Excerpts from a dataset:
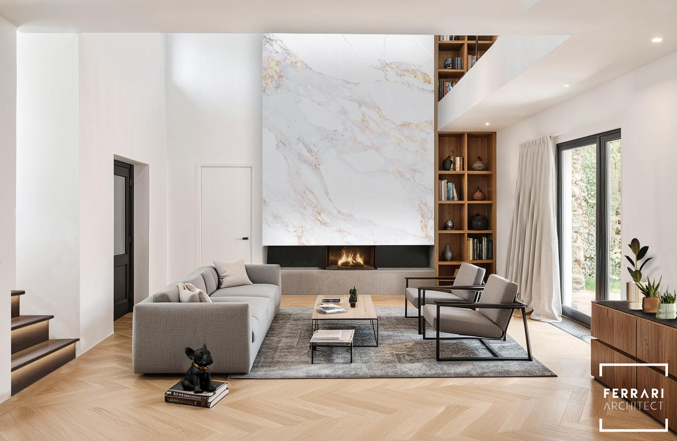 Le CAMERE DA LETTO adottano toni neutri e texture morbide: la prima sfrutta un letto grigio chiaro e una parete retroilluminata per creare un ambiente rilassante, mentre la seconda combina parquet a spina di pesce, letto imbottito e illuminazione moderna per un comfort intimo e armonioso. Il SOGGIORNO si apre sul giardino attraverso grandi vetrate, caratterizzato da parquet chiaro, arredi essenziali e un camino rivestito in marmo bianco che diventa fulcro della composizione.
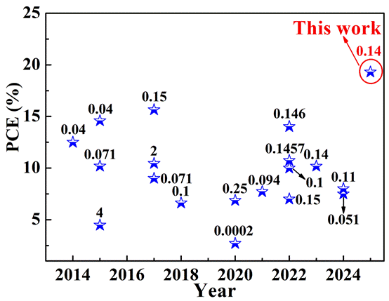 图2.电沉积制备钙钛矿太阳能电池的光电转换效率发展趋势图(图中数字为对应的器件面积)。
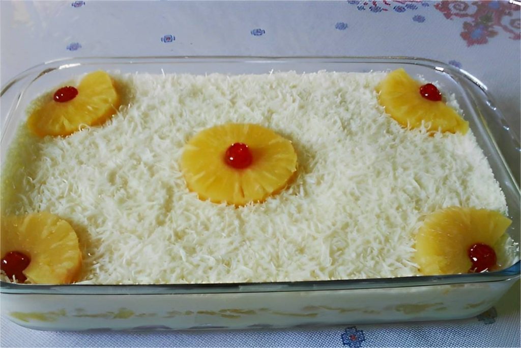- Faça uma camada de creme por cima das bolachas e distribua o abacaxi picado.
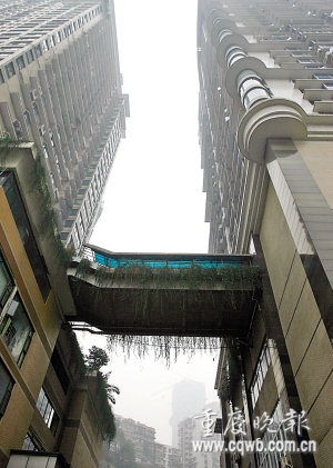 嘉園有業(yè)主500余戶,錦園有業(yè)主600余戶。當(dāng)初,開發(fā)商特意在兩樓之間設(shè)計(jì)了一座天橋,目的是讓兩個(gè)小區(qū)的空中花園、健身器材等可以共享,更重要的是方便兩個(gè)小區(qū)業(yè)主出入——錦園的業(yè)主可以經(jīng)嘉園直達(dá)臨江門、解放碑,嘉園業(yè)主也可經(jīng)錦園到一號橋。
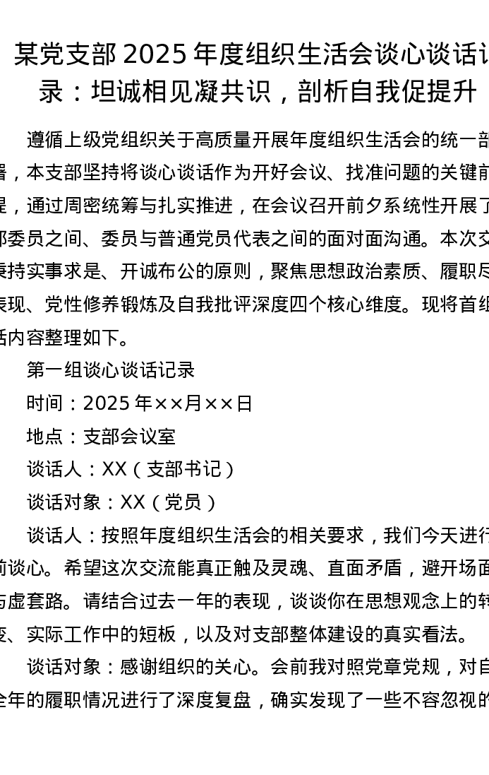 某党支部2025年度组织xxx谈心谈话记录:坦诚相见凝共识,剖析自我促提升

## PROMPT
When you transcribe the entries above, keep every word exact and leave out the pictures.

## TASK RESULT
 Le CAMERE DA LETTO adottano toni neutri e texture morbide: la prima sfrutta un letto grigio chiaro e una parete retroilluminata per creare un ambiente rilassante, mentre la seconda combina parquet a spina di pesce, letto imbottito e illuminazione moderna per un comfort intimo e armonioso. Il SOGGIORNO si apre sul giardino attraverso grandi vetrate, caratterizzato da parquet chiaro, arredi essenziali e un camino rivestito in marmo bianco che diventa fulcro della composizione.
 图2.电沉积制备钙钛矿太阳能电池的光电转换效率发展趋势图(图中数字为对应的器件面积)。
- Faça uma camada de creme por cima das bolachas e distribua o abacaxi picado.
 嘉園有業(yè)主500余戶,錦園有業(yè)主600余戶。當(dāng)初,開發(fā)商特意在兩樓之間設(shè)計(jì)了一座天橋,目的是讓兩個(gè)小區(qū)的空中花園、健身器材等可以共享,更重要的是方便兩個(gè)小區(qū)業(yè)主出入——錦園的業(yè)主可以經(jīng)嘉園直達(dá)臨江門、解放碑,嘉園業(yè)主也可經(jīng)錦園到一號橋。
 某党支部2025年度组织xxx谈心谈话记录:坦诚相见凝共识,剖析自我促提升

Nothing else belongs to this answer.